Milk, 2008, Gus Van Saint. Com Sean Penn, Josh Brolin, James Franco, Emile Hirsch, Diego Luna.

Vencedor de 2 Oscar (Ator, Roteiro Original)
O Curioso Caso de Benjamin Button (2008)

Através da adaptação do fantástico conto de F. Scott Fitzgerald, David Fincher nos leva a refletir sobre a vida, a morte, a alegria e a tristeza. Em conjunto á direção de arte, maquiagem, efeitos visuais de tirar o fôlego, e isso só destacando os mais impecáveis, o longa diverte e emociona do inicio ao fim. Acompanhando a vida de Benjamim Button, Brad Pitt, ótimo, podemos tirar a lição de que tudo acontece na vida sem o nosso controle, e o que devemos fazer é simplesmente viver. Por todos esses atributos, O Curioso Caso de Benjamin Button já é um dos melhores filmes de todos os tempos.

The Curious Case of Benjamin Button, 2008, David Fincher. com; Brad Pitt, Cate Blanchett, Tereji P. Henson, Tilda Swinton.

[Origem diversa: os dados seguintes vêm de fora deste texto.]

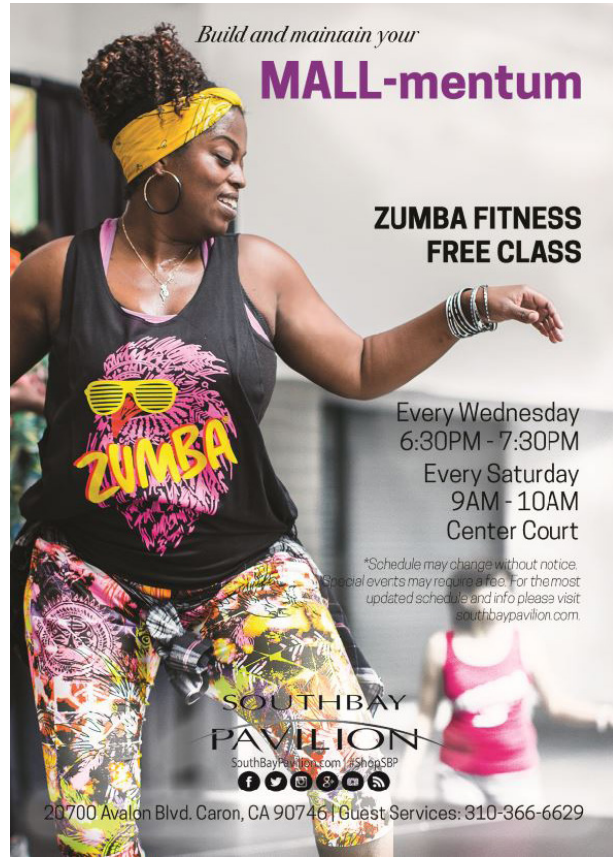
Examples of flyers promoting shared use programs

Vencedor de 3 Oscar (Diretor de arte, Maquiagem, Efeitos visuais), e recebeu outras 8 indicações.
O Leitor (2008)

Se fossemos só analisar a performance de Kate winslet, o filme já seria ótimo. Entretanto, além de sua incrível atuação, vencedora do Oscar, finalmente, o roteiro bem escrito nos carrega a indagações sobre o que é certo e errado, e, o que faríamos para não parecermos menores que ninguém. O multifacetado e versátil Ralph Fiennes conduz, ao lado de kate, um filme brilhante, da direção firme e corajosa de Stephem Daldvy, que mostra a arte de se conduzir um épico, sem se importar com críticas mesquinhas de quem acha que entende de cinema.

The Reader, 2008 , Stephen Daldry. com Kate Winslet, Ralph Fiennes, David kross

Vencedor do Oscar de Melhor Atriz
Closer – Perto Demais (2004)

Ouve-se muito dizer que Mike Nichols tem um talento absurdo para conduzir tramas nada “clicheístas”, dosando drama e humor, diálogos afiados e ácidos, e faz tudo sem muito estardalhaço. Em Closer - Perto Demais, o diretor conduz uma historia de amor de um quarteto (sim quarteto) de estranhos que se conhecem em situações um tanto inusitadas. Sem sutilezas ou enrrolações, o texto de Marber, adaptado pelo próprio de sua peça teatral, é direto e mostra o amor de uma forma madura, fazendo que o público venha a pensar de uma forma um pouco mais lúcida sobre as relações humanas. Com Natalie Portman impecável e um surpreendente e esforçado Clive Owem, o que proporcionariam uma das melhores seqüências do cinema, (a cena do strep tease), pena os seus pares estarem abaixo da crítica, o que enfraquece o excelente diálogo.